──────── Data extracts ────────

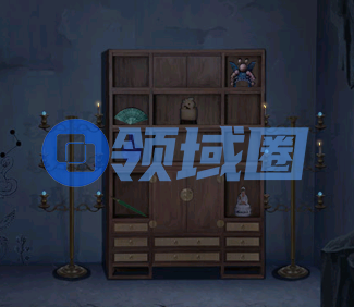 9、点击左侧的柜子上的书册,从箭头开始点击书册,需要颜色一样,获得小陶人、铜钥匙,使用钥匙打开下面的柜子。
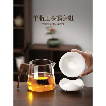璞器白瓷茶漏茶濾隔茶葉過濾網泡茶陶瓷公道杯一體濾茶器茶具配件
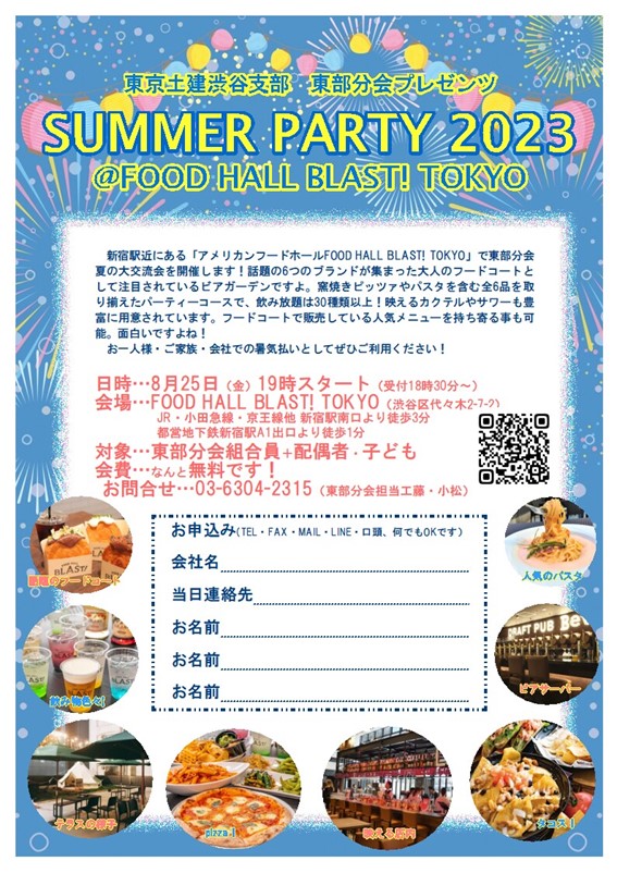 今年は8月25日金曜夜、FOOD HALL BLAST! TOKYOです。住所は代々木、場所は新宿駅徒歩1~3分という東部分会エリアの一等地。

────────
──────── Data extracts ────────

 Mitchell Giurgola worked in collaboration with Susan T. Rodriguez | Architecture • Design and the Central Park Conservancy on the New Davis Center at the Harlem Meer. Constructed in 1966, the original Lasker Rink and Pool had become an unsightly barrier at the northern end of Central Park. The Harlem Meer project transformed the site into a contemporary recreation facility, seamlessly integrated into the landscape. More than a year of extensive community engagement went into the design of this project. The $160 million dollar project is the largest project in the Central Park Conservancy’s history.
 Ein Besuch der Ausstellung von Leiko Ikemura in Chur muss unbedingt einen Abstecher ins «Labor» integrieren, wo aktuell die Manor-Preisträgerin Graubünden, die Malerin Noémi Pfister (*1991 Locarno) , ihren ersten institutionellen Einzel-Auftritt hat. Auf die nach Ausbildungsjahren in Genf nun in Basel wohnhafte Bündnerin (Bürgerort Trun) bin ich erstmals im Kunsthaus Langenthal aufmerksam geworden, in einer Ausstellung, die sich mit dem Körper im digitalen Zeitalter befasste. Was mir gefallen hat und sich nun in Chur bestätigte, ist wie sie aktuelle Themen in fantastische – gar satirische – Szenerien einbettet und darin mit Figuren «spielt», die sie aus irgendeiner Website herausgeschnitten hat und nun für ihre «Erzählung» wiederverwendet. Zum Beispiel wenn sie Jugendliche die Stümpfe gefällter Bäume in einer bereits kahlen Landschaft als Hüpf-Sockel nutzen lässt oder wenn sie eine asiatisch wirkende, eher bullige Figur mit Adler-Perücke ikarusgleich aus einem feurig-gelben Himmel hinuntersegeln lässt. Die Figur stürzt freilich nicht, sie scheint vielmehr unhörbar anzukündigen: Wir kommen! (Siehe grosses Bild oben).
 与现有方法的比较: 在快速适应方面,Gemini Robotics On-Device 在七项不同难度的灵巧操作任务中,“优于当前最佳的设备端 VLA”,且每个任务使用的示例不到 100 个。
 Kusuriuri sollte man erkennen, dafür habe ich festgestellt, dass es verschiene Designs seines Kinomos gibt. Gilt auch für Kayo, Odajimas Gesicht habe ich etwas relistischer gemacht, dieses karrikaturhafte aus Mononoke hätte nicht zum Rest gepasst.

────────

Work instructions
Output exactly the stretch of the listing that begins at the line containing "9、点击左侧的柜子上的书册,从箭头开始点" and ends at the line containing "今年は8月25日金曜夜、FOOD HALL BLAST!", both kept. Omit pictures and everything else.

Answer for this exercise
 9、点击左侧的柜子上的书册,从箭头开始点击书册,需要颜色一样,获得小陶人、铜钥匙,使用钥匙打开下面的柜子。
璞器白瓷茶漏茶濾隔茶葉過濾網泡茶陶瓷公道杯一體濾茶器茶具配件
 今年は8月25日金曜夜、FOOD HALL BLAST! TOKYOです。住所は代々木、場所は新宿駅徒歩1~3分という東部分会エリアの一等地。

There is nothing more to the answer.